Never before has the old expression about the certainty of death and taxes felt more accurate than it does right about now.
Several taxes are set to increase in 2011, including rates for income taxes, capital gains taxes and dividend taxes. The estate tax will also be revived next year. As part of the recent health care reform legislation, high-income earners will see an increase in Medicare taxes on both their wages and investment income in 2013. Other new taxes also are being discussed with more frequency, such as a European-style value-added tax.
Most Americans will feel the added weight of these increases. Those categorized as high-income earners will be required to carry the heaviest brunt. Still, there are some proactive steps individuals can take to help mitigate the impact of these many tax increases.
1. Re-evaluate investment income
Federal tax rate reductions for long-term capital gains and dividends are scheduled to expire this year.
The tax rate on capital gains from the sale of assets held longer than one year remains zero for people in the 15 percent tax bracket in 2010. The 15 percent maximum tax rate on long-term capital gains for taxpayers in higher brackets also remains the same. In 2011, those rates will rise to 10 percent and 20 percent respectively. Thus, if you have capital gains pending, 2010 would be a good time to take those gains. You can do this without re-allocating your portfolio.

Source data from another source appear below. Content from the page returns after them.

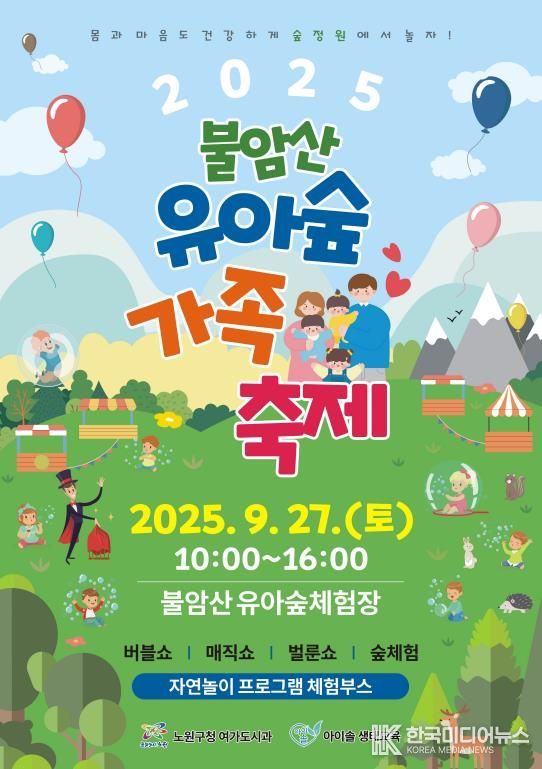 [ 한국미디어뉴스 이보영 기자 ] 서울 노원구는 오는 9월 27일 불암산 유아숲체험원 일대에서 ‘제12회 유아숲 가족축제’를 개최한다고 밝혔다.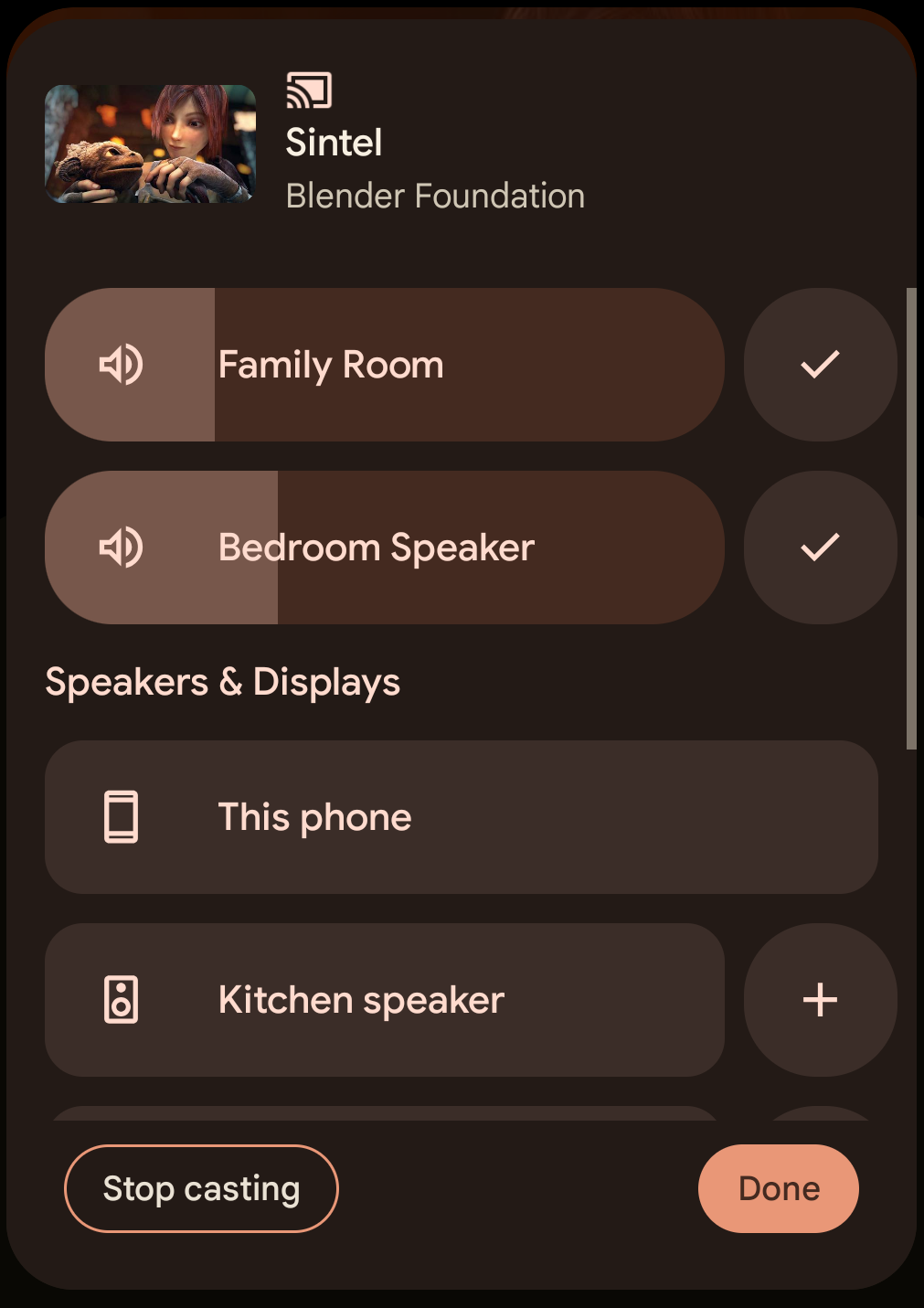 Aplikacje audio, które korzystają z przełącznika wyjścia, mogą rozszerzać dźwięk na wiele głośników obsługujących Cast podczas sesji przesyłania strumieniowego za pomocą funkcji rozszerzania strumienia.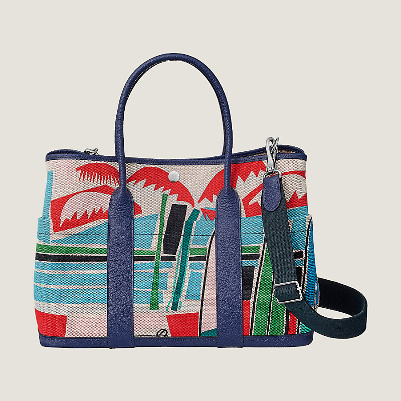 Sac en vache Country, doublure en toile H imprimée « Sea, Surf & Fun », bijouterie argent palladié, poche intérieure avec fermeture à glissière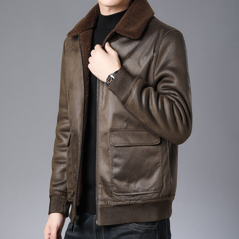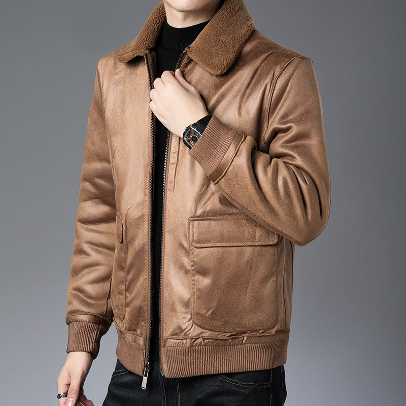 Abrigo de lana de cordero para hombre - Caqui / Mediano está agotado y se enviará tan pronto como vuelva a estar disponible.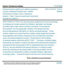 This document gives guidance on the structural design of underground modular systems for infiltration, attenuation and storage of surface water under various conditions of loading. The procedures are explained, with the appropriate variables in the design formulae, and provides graphical information on vehicle surcharge loadings. These modular systems are constructed from multiple cuboid shaped thermoplastic boxes generally with ancillary components such as inlet/outlet connectors, vents, and access/inspection provision. This guidance is for the design of modular systems conforming to EN 17152-1. The boxes, including integral components, are injection moulded, extruded or thermoformed thermoplastics, manufactured from polypropylene (PP) or unplasticized poly(vinyl chloride) (PVC-U), and are intended to be used as elements in a modular system where the manufacturer has clearly stated in the documentation how the components are assembled to create a complete infiltration, attenuation or storage system. Outside the scope of this document are the following conditions: - seismic loads; - lateral loads from adjacent structures and embankments; - influence of trees; - backfill materials not according to CEN/TR 17179 [1]. Geotextile and/or geomembrane used with modular systems are outside the scope of this document. NOTE - If reference is made in this document to Eurocode standards, the conditions in a national foreword or national annex are normally stated.

Also starting in 2011, dividend income (other than capital gain distributions from mutual funds) will be taxed as ordinary income at your highest marginal tax rate (up from 15 percent for certain qualified dividends). Where possible, move such investments into tax-deferred pension accounts.
Finally, if you typically do not maximize annual pension contributions, you may want to defer some of your contributions into 2011.

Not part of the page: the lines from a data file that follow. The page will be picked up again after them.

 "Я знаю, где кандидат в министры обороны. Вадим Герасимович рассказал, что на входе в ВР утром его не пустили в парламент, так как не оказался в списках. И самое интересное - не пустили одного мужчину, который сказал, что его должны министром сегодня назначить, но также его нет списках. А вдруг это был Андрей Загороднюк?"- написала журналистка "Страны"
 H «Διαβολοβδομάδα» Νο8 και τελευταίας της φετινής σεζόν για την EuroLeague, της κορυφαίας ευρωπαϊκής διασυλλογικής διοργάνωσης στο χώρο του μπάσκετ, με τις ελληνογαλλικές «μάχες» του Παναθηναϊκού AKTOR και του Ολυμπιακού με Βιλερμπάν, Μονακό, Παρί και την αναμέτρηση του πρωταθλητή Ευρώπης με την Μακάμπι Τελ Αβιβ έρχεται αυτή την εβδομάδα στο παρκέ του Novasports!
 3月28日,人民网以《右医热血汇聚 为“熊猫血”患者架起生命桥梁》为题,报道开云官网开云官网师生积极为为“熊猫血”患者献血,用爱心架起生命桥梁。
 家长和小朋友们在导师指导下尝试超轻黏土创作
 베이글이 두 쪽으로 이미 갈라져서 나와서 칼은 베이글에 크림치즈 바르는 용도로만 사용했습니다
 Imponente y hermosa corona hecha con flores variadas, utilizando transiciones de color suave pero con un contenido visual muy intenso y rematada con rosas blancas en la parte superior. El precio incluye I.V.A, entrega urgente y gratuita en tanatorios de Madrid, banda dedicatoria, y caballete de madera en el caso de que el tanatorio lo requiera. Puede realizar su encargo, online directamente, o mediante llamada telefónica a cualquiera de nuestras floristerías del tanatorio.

2. Rethink timing of deductions
Thinking about large charitable contributions? While tax incentives are not the primary driver for most people, it is a relevant factor. You may want to consider deferring some of your contributions into 2011.
Do you anticipate a large business expense in the next couple of years? The Section 179 deduction for such expenses drops to $25,000 in 2011 (down from $135,000 in 2010, and after a drop from $250,000 in 2009). Here is a situation where you may consider accelerating business expenses, rather than deferring, to take advantage of the deduction before it disappears. However, this would require a careful analysis of your specific situation before making this decision.
3. Get professional advice for tax planning
Effective planning to minimize your tax risk takes time, effort and know-how. But with the coming deluge of increasing taxes, growing penalties and dwindling deductions, the extra work could be critical to your financial future. Working with a certified financial planner and certified public account can reduce your personal time commitment, while helping to ensure you make the most of any available opportunities.